The main body device 20 shown in FIG. 23 is provided with the first heating unit 207A and the second heating unit 207B, and separate power source lines are provided, namely a power source line for supplying power to the first heating unit 207A and a power source line for supplying power to the second heating unit 207B. These are the two differences between FIG. 23 and FIG. 21.

Specifically, power is supplied from the main battery (secondary battery 201A) to the first heating unit 207A, and power is supplied from the sub-battery (primary battery 101) to the second heating unit 207B.

It should be noted that the PWM circuits 201F1 and F2 may be arranged at the stage after the step-up DC/DC circuits 201D1 and D2 in the same way as in FIG. 14, although such an arrangement is not depicted in FIG. 23.

FIG. 24 is a flowchart illustrating processing to switch the heating mode which is implemented by the control unit 206 (see FIG. 6) of embodiment 6. Corresponding reference signs are given in FIG. 24 for parts which correspond to those of FIGS. 15 and 22.

The processing shown in FIG. 24 is also launched at a timing at which attachment of the front panel 10 has been detected by means of an output signal from the Hall IC, for example. Moreover, the processing shown in FIG. 24 may equally be launched at a timing at which a specific user operation has been received. Specific operations as referred to here include, for example: opening/closing of the shutter 30 (see FIG. 1) multiple consecutive times (e.g., twice); operation of the button 20B (see FIG. 4) multiple consecutive times (e.g., twice); and a reset operation performed by a long press (e.g., 5 seconds or more) of the button 20B.

When the processing shown in FIG. 24 starts, the control unit 206 determines whether or not a front panel 10 fitted with a sub-battery is attached (step 11).

When a negative result is obtained in step 11, the control unit 206 supplies power from the main battery to the first heating unit, and does not supply power to the second unit (step 33). That is to say, the control unit 206 controls the power source changeover switch 201C1 (see FIG. 23) to an OFF state (disconnected state), and controls the power source changeover switch 201C2 (see FIG. 23) to an ON state (connected state).

In contrast to this, when an affirmative result is obtained in step 11, the control unit 206 determines whether or not the heating mode is the heating mode with preheating (step 41).

A negative result is obtained in step 41 if the heating mode is the normal heating mode #1. The control unit 206 advances to step 33 in this case.

In contrast to this, an affirmative result is obtained in step 41 when the heating mode is the heating mode with preheating. In this case, the control unit 206 supplies power to the second heating unit 207B only from the sub-battery (primary battery 101) in the preheating period, and supplies power to the first heating unit 207A only from the main battery (secondary battery 201A) in the main heating period (step 51).

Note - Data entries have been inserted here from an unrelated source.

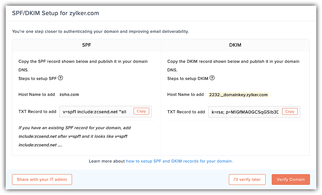 - Copy the SPF and DKIM TXT records from your Zoho Campaigns account.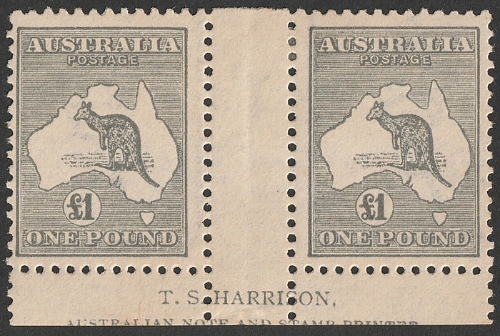 Harrison imprint pr. As ACSC notes 'this printing was nearly always trimmed closely at base, resulting in most or all of the second line of the imprint being missing'. F-VF MLH, uneven suntanned gum colour. SG 75(var). ACSC 53Aza cat $6250 (for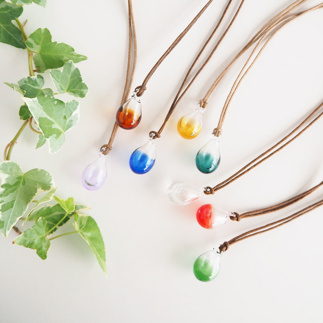 上部の穴にお好みのエッセンシャルオイルや香水を数滴垂らして身につけると、体温でガラスが温まり、ほのかに香ります。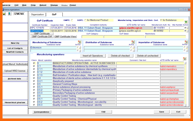 In the block "Manufacturing Operations" all operations from the "Good Manufacturing Practice Certificate" of the Organization can be selected from the LoV. These Manufacturing Operations are interrelated with the Functions/Manufacturing Operations on the application form "Medicinal Product Preparation Production Chain" which are used, among other things, to automatically fill in the eCTD electronic Application Form (eAF).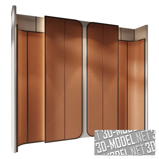 Современная стеновая панель с отделкой под кожу. Выполнена из материала с выраженной текстурой, имитирующей мягкую кожу теплого коричневого или терракотового цвета. Роскошный вид позволяет использовать элемент в элитных интерьерах или для отделки кабин лифтов. Панель поделена на вертикальные секции с закругленными углами и черной окантовкой по периметру и между секциями.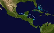 An area of low pressure interacted with an atmospheric kelvin wave, leading to the formation of a tropical depression in the Bay of Campeche at 18:00 UTC on August 31. Six hours later, the depression was upgraded to Tropical Storm Dolly. Steered generally westward by a mid-level ridge to its north, the cyclone struggled with strong wind shear and reached peak winds of 50 mph (80 km/h) at 12:00 UTC on September 2. At 04:00 UTC the next day, Dolly moved ashore just south of Tampico, Mexico, with winds of 45 mph (70 km/h). Following landfall, the mountainous terrain of eastern Mexico quickly caused the cyclone to degenerate into a remnant low at 12:00 UTC on September 3. The post-tropical low continued westward prior to dissipating the next day.[58]
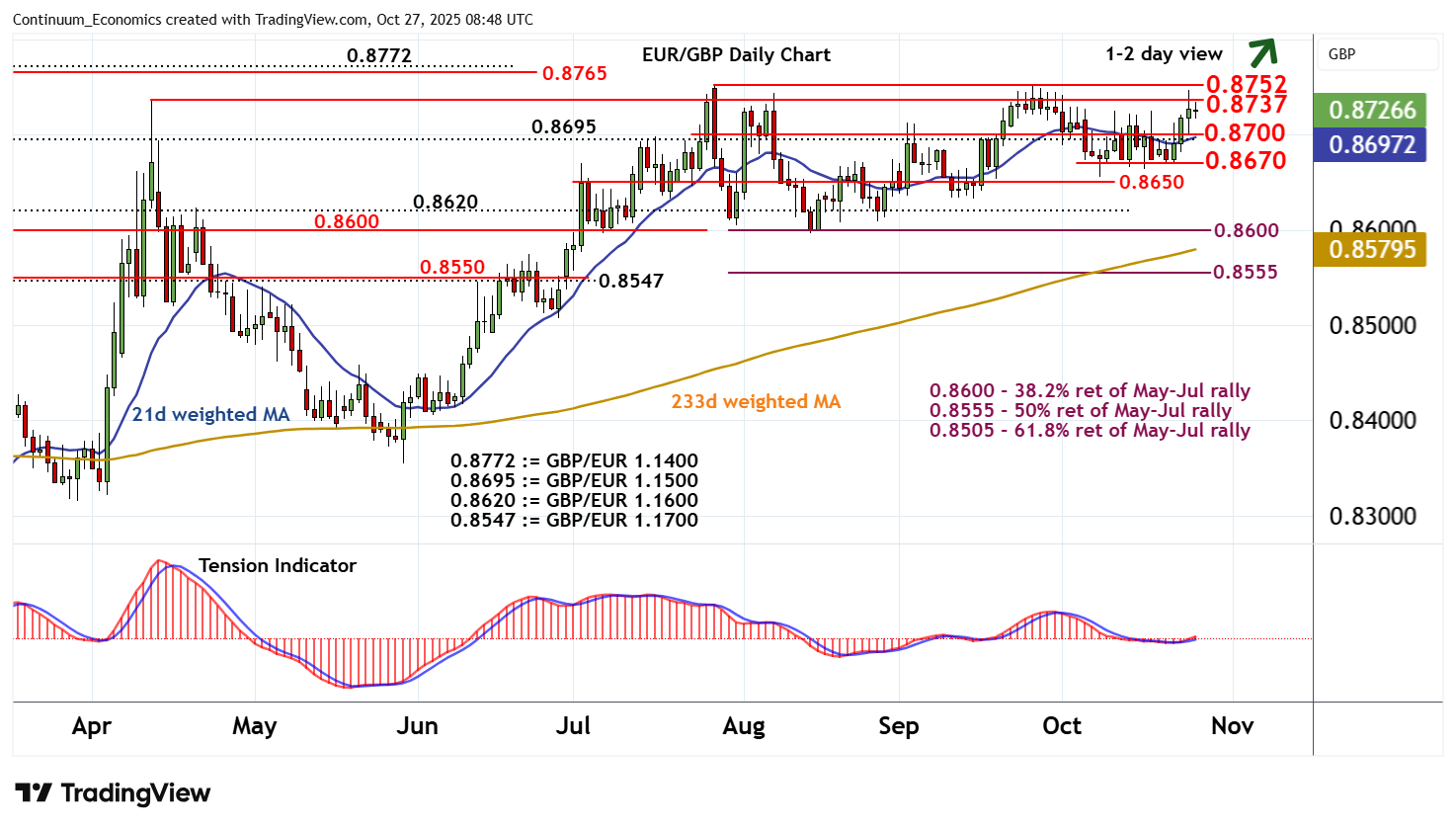 08:40 GMT - The anticipated test of critical resistance at the 0.8737 monthly high of 11 April and the 0.8752 current year high of 28 July has been pushed back from 0.8745, as intraday studies turn down, with prices currently balanced around 0.8725. Rising daily stochastics and the positive daily Tension Indicator highlight room for a retest. But mixed weekly charts should limit any initial tests in renewed consolidation. A close above here, however, will turn sentiment positive and extend December 2024 gains initially towards 0.8765/72. Meanwhile, support remains at 0.8695/00 and extends to the 0.8670 recent range lows. This range should underpin any immediate setbacks.

FIG. 25 is a diagram illustrating a heating profile used in embodiment 6. Corresponding reference signs are given in FIG. 25 for parts which correspond to those of FIG. 20. The vertical axis in FIG. 25 denotes heating temperature, and the horizontal axis denotes time.

In this embodiment also, the sub-battery (primary battery 101) supplies power in the preheating period, and the main battery (secondary battery 201A) supplies power in the main heating period, but it is the second heating unit 207B which heats the stick-type substrate 210 in the preheating period, and the first heating unit 207A which heats the stick-type substrate 210 in the main heating period. This is the difference with embodiment 5.

Summary

In this embodiment, the first heating unit 207A and the second heating unit 207B need to be provided in the main body device 20, but there is no need to install a reverse current preventing circuit because separate power source lines to the heating units are provided. Other advantageous effects are the same as in embodiment 5.

Embodiment 7

This embodiment describes an aerosol generating device 1 (main body device 20) to which two aerosol sources can be fitted. This embodiment assumes that one aerosol source is a solid and the other aerosol source is a liquid. That is to say, it is assumed that the aerosol generating device 1 of embodiment 7 can be fitted with both a liquid aerosol source and a solid aerosol source. The stick-type substrate 210 described above is an example of a container for accommodating the solid aerosol source. A container for accommodating the liquid aerosol source will also be referred to as a “cartridge”.

FIG. 26 is a diagram schematically showing an internal configuration of the aerosol generating device 1 (main body device 20) used in embodiment 7. Corresponding reference signs are given in FIG. 26 for parts which correspond to those of FIG. 6.

A liquid guiding portion 221, a liquid storage portion 222, a heating unit 223, an air flow path 224, and an air inflow hole 225 are added to the aerosol generating device 1 (main body device 20) shown in FIG. 26. Other components are the same as in embodiment 1.

The newly added components will be described below.

As shown in FIG. 26, the air flow path 224 is formed inside the main body device 20. The air flow path 224 functions as a passage for conveying, to the holding portion 209 holding the stick-type substrate 210, air that has flowed in from the air inflow hole 225, and aerosol generated from the liquid aerosol source stored in the liquid storage portion 222.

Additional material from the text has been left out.